結論 本件審判の請求は、成り立たない。 
理由 第1.手続の経緯
本願は、平成16年7月28日の出願であって、平成22年9月1日付けで拒絶査定され、これに対し、同年12月7日に拒絶査定に対する審判請求されるとともに同日付けで手続補正されたものである。

第2 補正却下の決定
[補正却下の決定の結論]
平成22年12月7日付けの手続補正を却下する。

[理由]
1.本願発明と補正後の発明
上記手続補正(以下、「本件補正」という。)は、補正前の出願当初の特許請求の範囲の請求項1に記載された、
「送信符号系列中に存在する特定のパターンを検出して検出結果を出力するパターン検出部と、
前記送信符号系列に対して所定の周波数特性の帯域制限を施して送信信号として出力すると共に、前記検出結果に基づいて前記送信信号中の所定のピーク値を低減するように前記周波数特性を変化させるフィルタ部と、
を備えることを特徴とする送信装置。」
という発明(以下、「本願発明」という。)を、

「送信符号系列中に存在する特定のパターンを検出して検出結果を出力するパターン検出部と、
前記送信符号系列に対して所定の周波数特性の帯域制限を施して送信信号として出力すると共に、前記検出結果に基づいて前記送信信号中の所定のピーク値を低減するように前記周波数特性を、前記送信信号の送信タイミング毎に変化させ得るように構成されるフィルタ部と、
を備えることを特徴とする送信装置。」
という発明(以下、「補正後の発明」という。)に補正するものである。

2.補正の適否
(1)新規事項の有無、補正の目的要件について
上記補正は、願書に最初に添付した明細書、特許請求の範囲又は図面に記載した事項の範囲内において、「前記周波数特性を変化させるフィルタ部」を「前記周波数特性を、前記送信信号の送信タイミング毎に変化させ得るように構成されるフィルタ部」と限定して特許請求の範囲を減縮するものであるから、平成18年法律第55号改正附則第3条第1項によりなお従前の例によるとされる同法による改正前の特許法第17条の2第3項(新規事項)及び第17条の2第4項第2号(補正の目的)の規定に適合している。

(2)独立特許要件について
上記補正は特許請求の範囲の減縮を目的とするものであるから、上記補正後の発明が、特許出願の際独立して特許を受けることができるものであるか(特許法第17条の2第5項において準用する同法第126条第5項の規定に適合するか)について以下に検討する。

(2-1) 補正後の発明
上記「1.本願発明と補正後の発明」の項で認定したとおりである。

(2-2) 引用発明
原査定の拒絶の理由に引用された特開平10-271072号公報(以下「引用例」という。
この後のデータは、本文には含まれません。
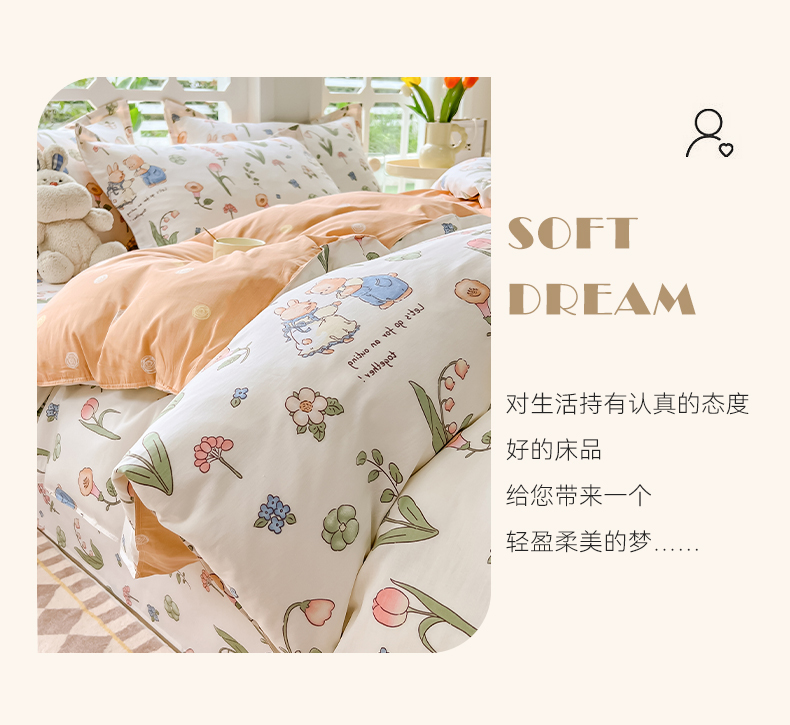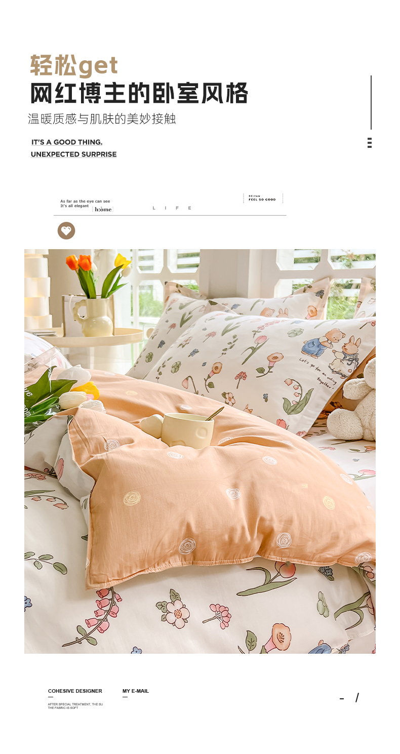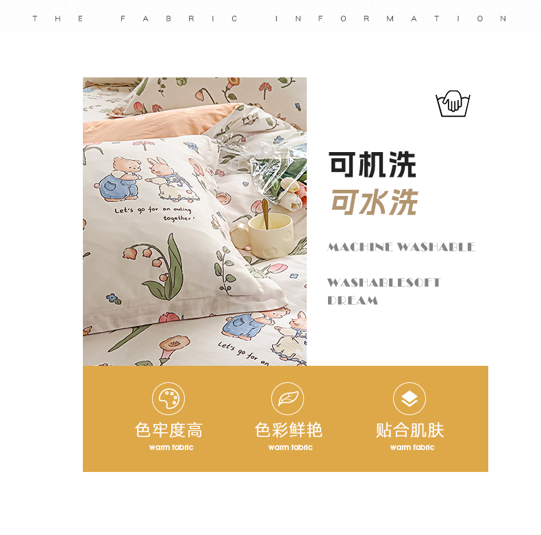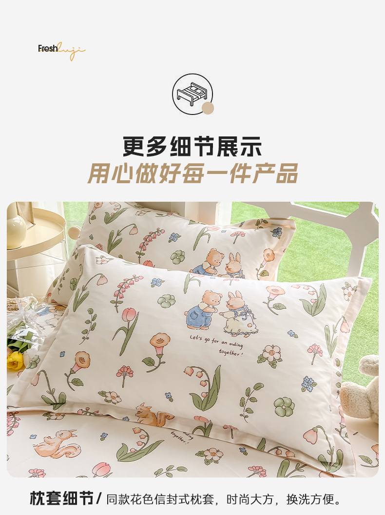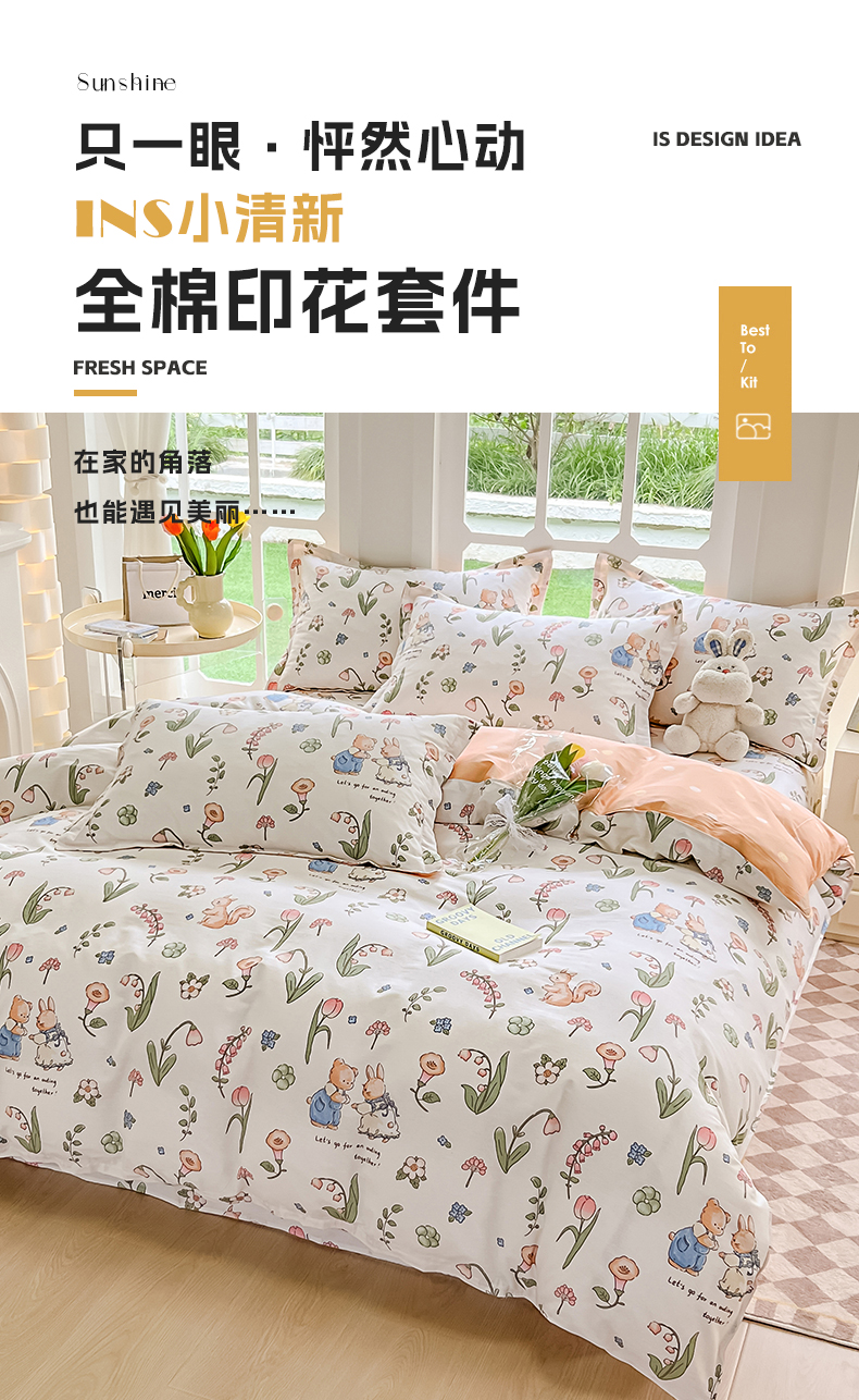 当前位置: 91家纺网 > 商品网购 > 床品套件 > 四件套 > 全棉普通四件套 > 绵庭家纺 2023新款12868系列全棉小清新印花四件套 波比兔

)には、「ピーク低減装置及び該装置を用いた送信装置」として図面とともに以下の事項が記載されている。

(引用例)
イ.「【要約】
【課題】 送信符号系列の符号振幅を低減するピーク低減装置及びこの装置を用いた送信装置に関し、帯域の広がりを抑圧する。」(1頁【要約】欄)

ロ.「【0006】
【課題を解決するための手段】本発明のピーク低減装置は、(1)入力された送信符号系列と、この送信符号系列が送信フィルタ6により帯域制限された時に振幅が大きくなるパターンの所定長の符号系列とを比較する比較部2と、この比較部2の比較一致信号により、送信符号系列の所定長の中心の少なくとも1個の符号の振幅を低減する符号振幅低減部3とを備えている。それによって、符号間干渉に相当して生じるピークファクタを低減する。」(2頁2欄?3頁3欄)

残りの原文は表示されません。